Science
Taiwanese Researchers Use EEG to Identify Internet Addiction
A research team from Taiwan has developed a groundbreaking machine-learning model capable of analyzing electroencephalography (EEG) brain wave patterns to identify individuals with Internet addiction. The model achieves an impressive accuracy rate of 86 percent in distinguishing these individuals from healthy subjects, according to findings presented at a recent news conference.
The study, led by Huang Hsu-wen, an assistant investigator at the National Health Research Institutes’ National Center for Geriatrics and Welfare Research, highlights the limitations of traditional self-reported measures of addiction. Huang noted that the new method’s accuracy significantly surpasses those self-reported assessments, providing a more reliable means of diagnosis.
Research Findings and Implications
In the study, the team analyzed resting-state EEG functional connectivity in 92 participants, including 42 diagnosed with Internet addiction and 50 healthy controls. The results revealed that individuals with Internet addiction exhibited higher levels of phase synchronization in their brain activity. Huang explained that this increased synchronization likely results from the disruption of neural systems involved in inhibitory and reward pathways.
Importantly, the observed changes in EEG patterns occur before addictive behaviors manifest. This suggests that EEG testing, when combined with machine-learning classification models, could effectively identify early warning signs of addiction. Such early detection would allow schools and medical institutions to implement timely interventions, potentially improving outcomes for those at risk.

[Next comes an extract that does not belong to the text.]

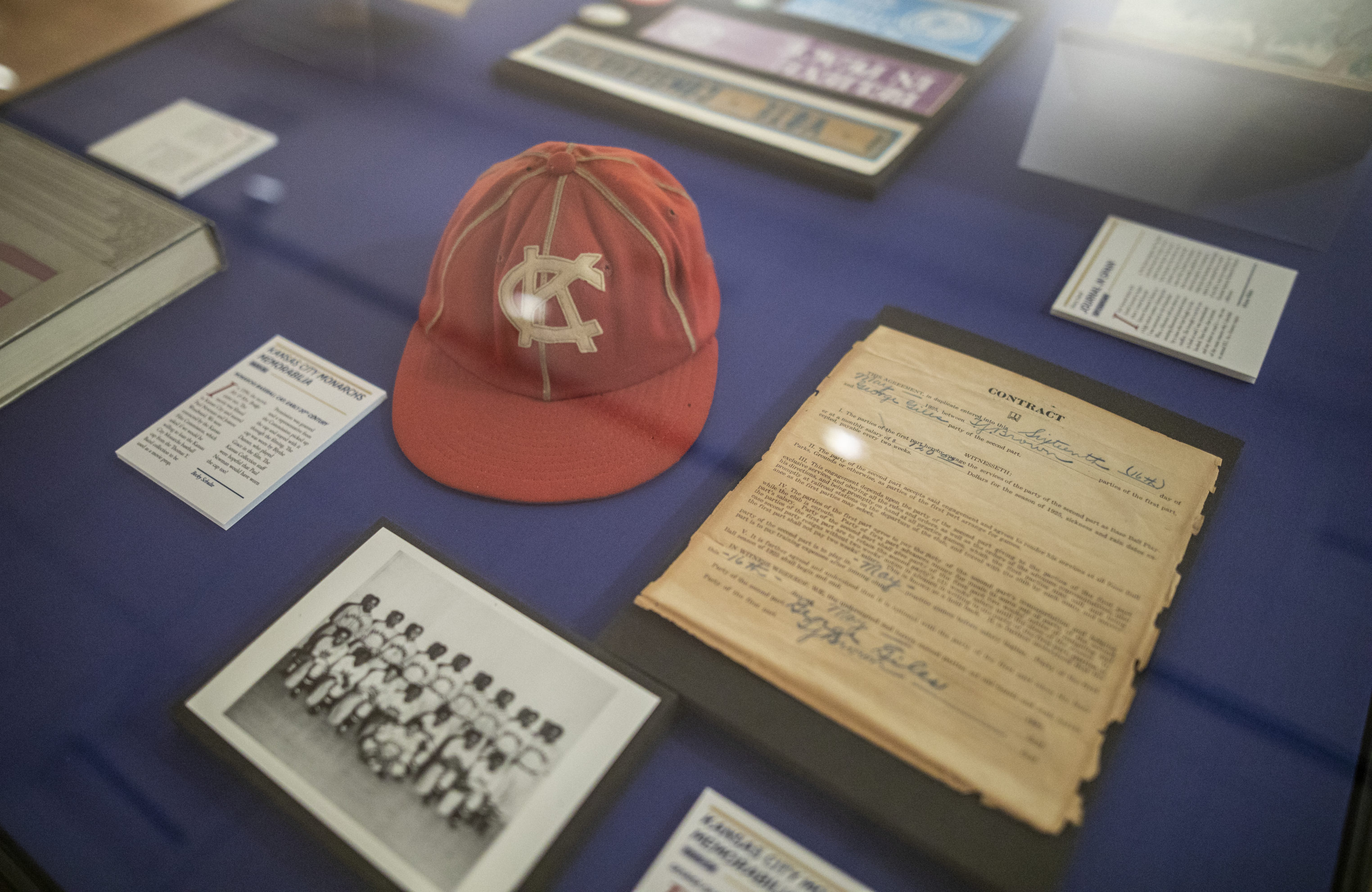 Nearby is Kansas City Monarchs memorabilia, including a red baseball cap from the Negro Leagues and a picture of the 1934 team, from the Thomas Y. Baird collection.

According to the study, published in May 2023 in the journal Psychological Medicine, Internet addiction is characterized by prolonged online engagement, an inability to resist the urge to go online, and feelings of discomfort when disconnected from the Internet. This condition has become increasingly relevant in today’s digital age, as more individuals experience challenges related to excessive Internet use.
The research also featured contributions from Wu Shun-chi, a professor at National Tsing Hua University, and Huang Chih-mao, an associate professor at the University of Hong Kong. Their collaborative effort underscores the importance of interdisciplinary approaches in addressing complex issues like Internet addiction.
This innovative methodology offers hope for developing targeted strategies to combat Internet addiction and help individuals regain control over their online habits. As technology continues to evolve, understanding its impact on mental health will be crucial for fostering healthier digital environments.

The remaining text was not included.